I’ve heard that Food Chain Magnate by Jeroen Doumen and Joris Wiersinga is an unforgiving game where early missteps can hinder your path to fast food franchise greatness. Well, I got the chance to play it today, and, wow, they were not kidding.
There are plenty of impactful early game decisions in this game of greasy spoon franchise entrepreneurship. You start off as the CEO of your own fast food restaurant with only one action at your disposal. You can hire one of the eight basic employee cards that range from errand boys who collect drinks from distributors to Management Trainees that allow you to play more employees per turn.
Initially, this apparent smorgasbord of employees seems overwhelming. Should you hire a Marketing Trainee that’ll allow you to place a billboard, which in turn will persuade locals to crave a certain food item? Or do you hire a Trainer to upgrade an employee, keeping them out of play for a round? Keep in mind that the first player to place a billboard earns a Milestone that grants them the bonus of not having to pay for any future marketeers they hire and play. Oh, and that billboard you are placing? It’s no longer a temporary ad campaign good only for a few turns, but a permanent ad that will last for the rest of the game, perpetually inspiring fast food cravings to adjacent homes. First to train a worker? That Milestone gets you an ongoing $15 discount on salaries. Not exactly chump change since most trained workers cost $5 to play. So who do you hire first? Tough choice? Definitely. These Milestones are powerful and can really decide whether your fast food franchise can gain enough momentum to outpace your opponent.
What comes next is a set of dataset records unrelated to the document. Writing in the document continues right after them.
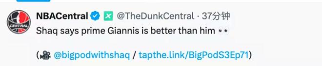 尤其是在禁区统治力方面,字母哥场均要在禁区拿到夸张的23.3分,超过1999-2000巅峰奥尼尔的场均22.5高居历史第一。 而后者也曾在直播回答网友提问时大方表示字母哥如今的统治力已经超过巅峰期的自己。 更是有美媒面对字母哥的表现,直言后者开季至今的表现让人想起了18年的灭霸詹。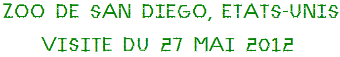J'ai visité le zoo de San Diego (San Diego Zoo) le dimanche 27 mai 2012 et une amie habitant San Diego et fidèle du zoo et de ses pandas, Mollie, s'est joint à moi pour enrichir cette visite. Je la remercie chaleureusement pour sa gentillesse, son accueil sympathique et pour toutes les informations qu'elle a partagé avec moi. Mollie est membre tout comme moi du réseau international Pandas Unlimited et elle publie fréquemment les photos qu'elle prend au zoo de San Diego sur l'hébergeur Flickr.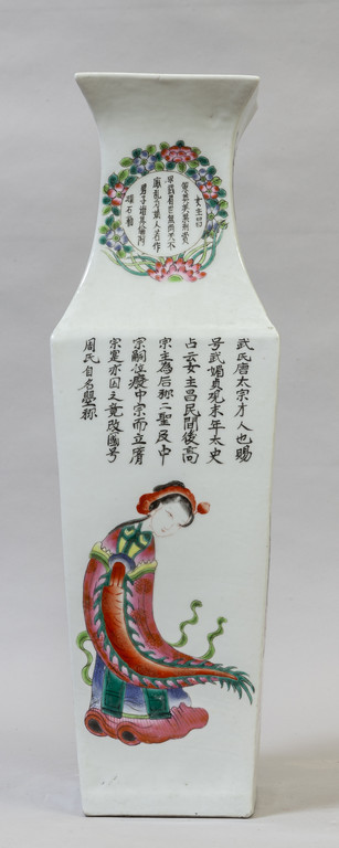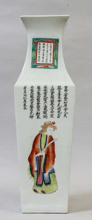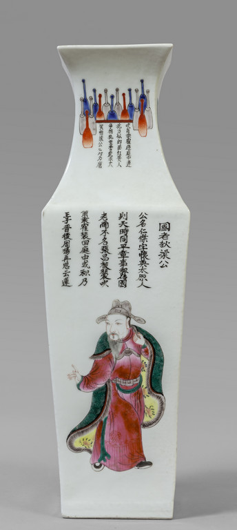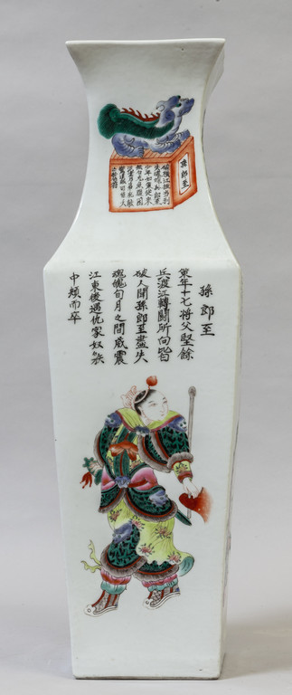 Vaso in porcellana di forma quadrata decorato con personaggi cinesi fine sec.XIX/inizi sec.XX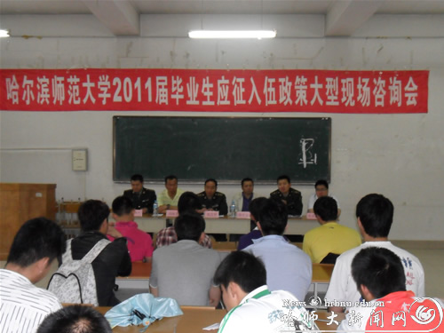 为解决我校毕业生在应征入伍过程中存在的疑问和大学生对应征入伍政策理解上的困扰,5月30日下午,我校邀请了呼兰区武装部与校学生就业指导处、保卫处共同召开了2011届毕业生应征入伍政策大型咨询会。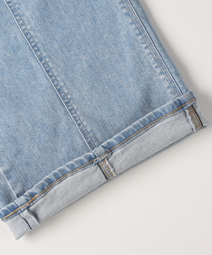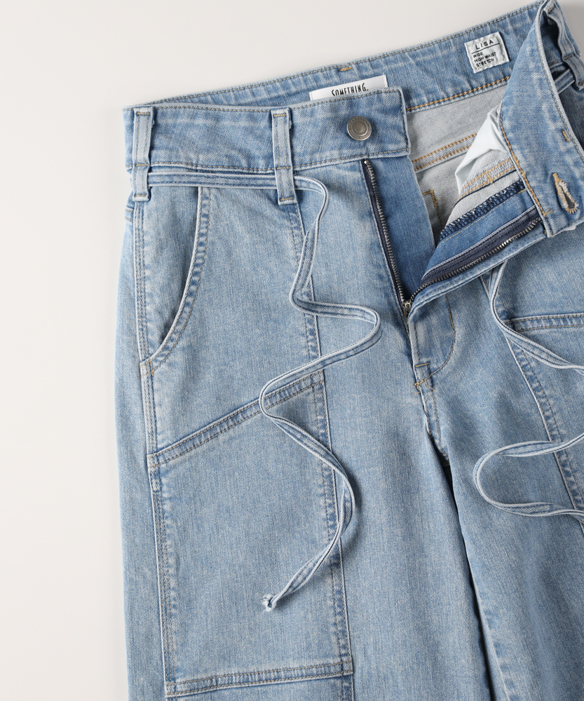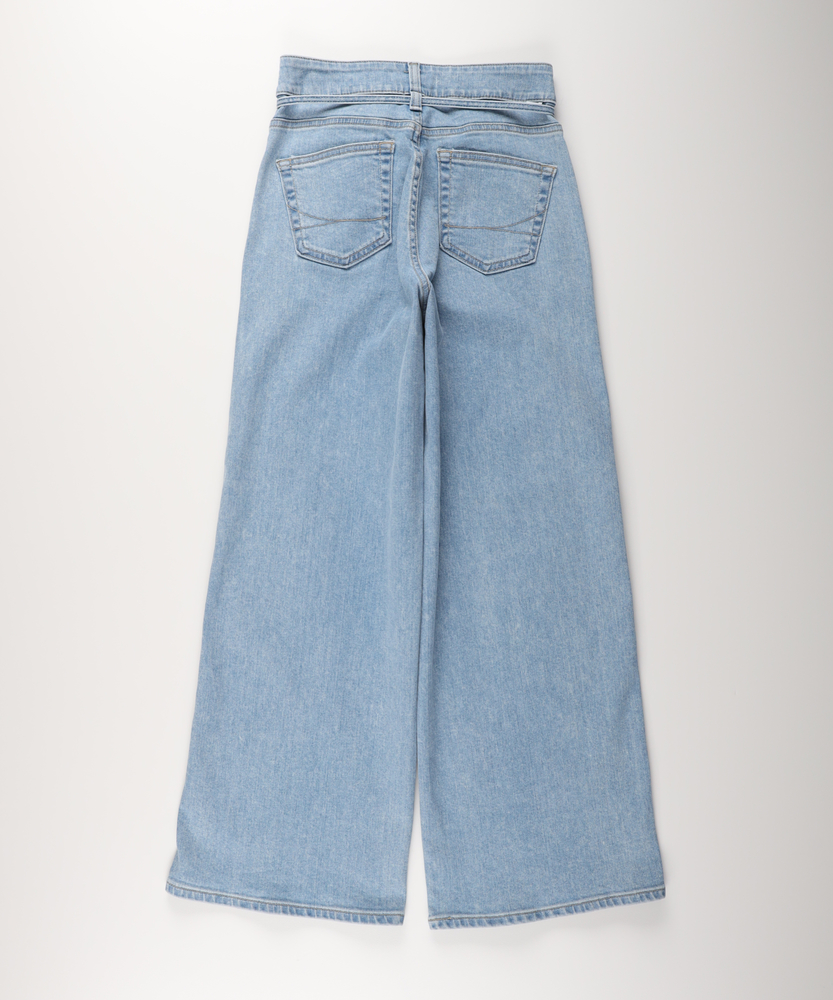 【仕様】ワークテイストなベイカーポケットをモダンに昇華させた、大人のためのワイドデニムです。フロントに入った縦の切り替えラインが視覚的なIラインを作り出し、リラックスした穿き心地ながらも脚長効果とスタイルアップを叶えます。ウエストにあしらわれた華奢なリボンベルトが、カジュアルな中にも女性らしい繊細なエッセンスを添え、メリハリのあるシルエットを演出します。【素材】 本格的なデニムの表情を持ちながらも、肌あたりは優しくしなやか。ごわつきを抑えたソフトな風合いが、歩くたびに美しいドレープを生み出し、洗練されたワイドシルエットをキープします。季節を問わずデイリーに愛用できる適度な厚みがありつつ、長時間座っていても疲れにくいストレスフリーな着心地を実現しています。 【スタイリング】 クリーンな白のフォルムシャツをウエストインして、リボンをアクセントにした知的なスタイリングがおすすめ。足元にはベージュやゴールドのパンプスを合わせることで、カジュアルなデニムスタイルがぐっと都会的で洗練された印象に変わります。休日は定番のボーダートップスと合わせて、リラックス感のあるフレンチシックな装いをお楽しみください。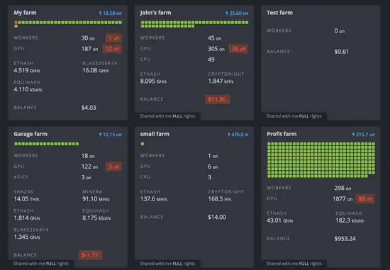 单独管理和配置每个钻机,无论是一台还是几千台。使用Flight Sheets即时切换池,钱包和硬币组合。为您的GPU创建超频配置文件,并在几秒钟内更改整个服务器场中的矿工配置。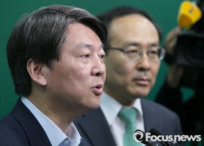 (서울=포커스뉴스) 안철수 국민의당 상임공동대표가 21일 오전 서울 마포구 당사에서 과학의 날 특별 브리핑을 하고 있다. 오른쪽은 오세정 비례대표 당선인.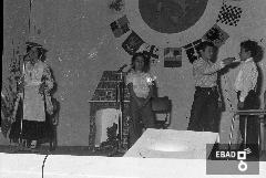 Bambini ed educatrici della colonia impegnati in esercitazioni ginniche nel chiostro della Certosa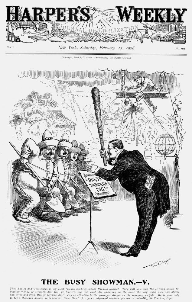 Amazon Com Roosevelt Cartoon 1906 Nthe Busy Showman President Theodore Roosevelt Urging His Team Of Workers Including William Howard Taft And William Crawford Gorgas To Dig Harder And To Pay No Attention To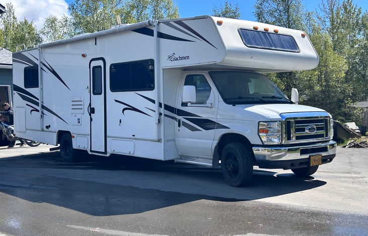 Welcome to our class C RV. At 29 feet, it is the perfect size to still maneuver easily while providing plenty of space for your family’s Alaskan adventure. There is one slide out in the living area to provide extra space. It will comfortably sleep 5 adults and one child or smaller person.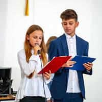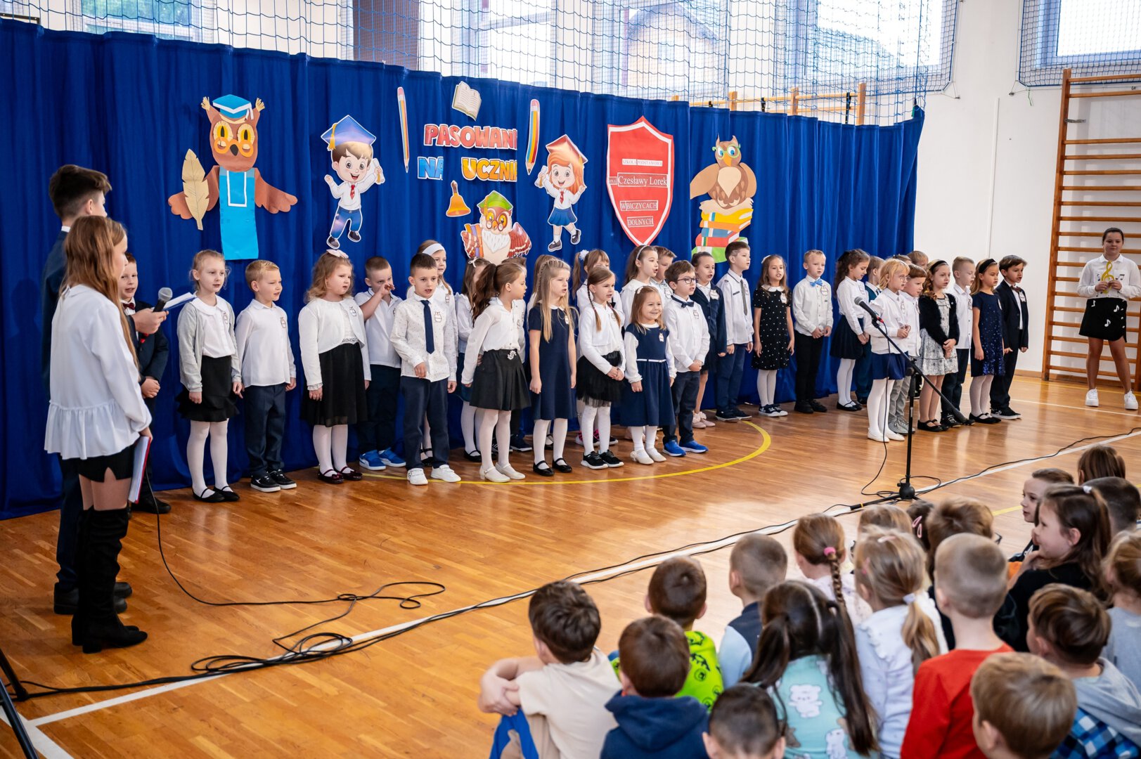 24.10.2025 r. o godz. 10.00 uczniowie klas pierwszych zaprezentowali swój występ artystyczny a po nim złożyli uroczyste ślubowanie. Pan Dyrektor Rafał Majewski dokonał aktu Pasowania na ucznia w obecności zaproszonych Rodziców, nauczycieli oraz uczniów klas młodszych.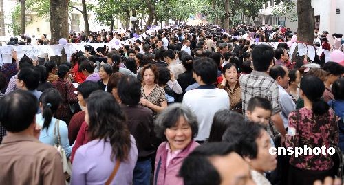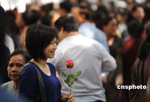 二月十四日,情人節(jié),廣西南寧市組織大型相親交友活動。這場名為“媽媽相親團”的交友活動,由于交友過程可由父母代勞,得到當(dāng)?shù)厍嗄甑臒崃掖蹬酰?dāng)天有超過一萬名青年報名參與相親,場面十分火爆,眾多父母到場為兒女相親。中新社發(fā) 蔣雪林 攝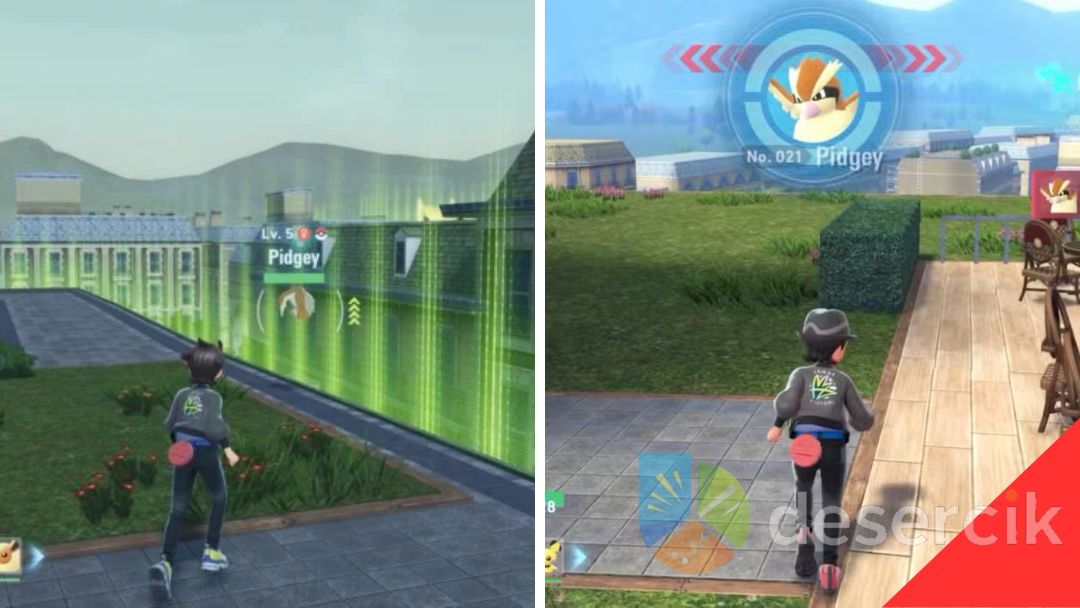 Na koniec mamy Pidgey, klasyczny Flying-type z pierwszej generacji Pokemonów. W pobliżu Mareep, używając Rock Smash na głazach. Następnie wejdź na drabinę przy stawie i przejdź po dachach, by dotrzeć do drugiej drabiny prowadzącej do Pidgey. Obserwuj uważnie teren – dachy kryją też różne przedmioty i mogą ułatwić późniejsze łapanie.

And while I am sure die-hard Food Chain Magnate players have already mathed-out which opening moves are optimal, as a new player, I enjoyed the challenge of deciding which workers to hire during those crucial first rounds. After that initial hiring surge, the game ramped up rather quickly and my opponent’s franchise gained momentum. I spent the rest of the game trying to catch up while my opponent raked in the cash. Halfway through, I felt like the outcome had been decided in the first few rounds. Inexperienced players can get steamrolled and, in rare cases, even knocked out of the game, which might turn off new players and players who don’t enjoy a sink-or-swim approach to board games.
Make no mistake, like the honed edge of a butcher knife, this game is sharp, hard, and likely to cut you if you are careless. I’m already craving seconds.
Have you played Food Chain Magnate? What’s your favorite opening hire?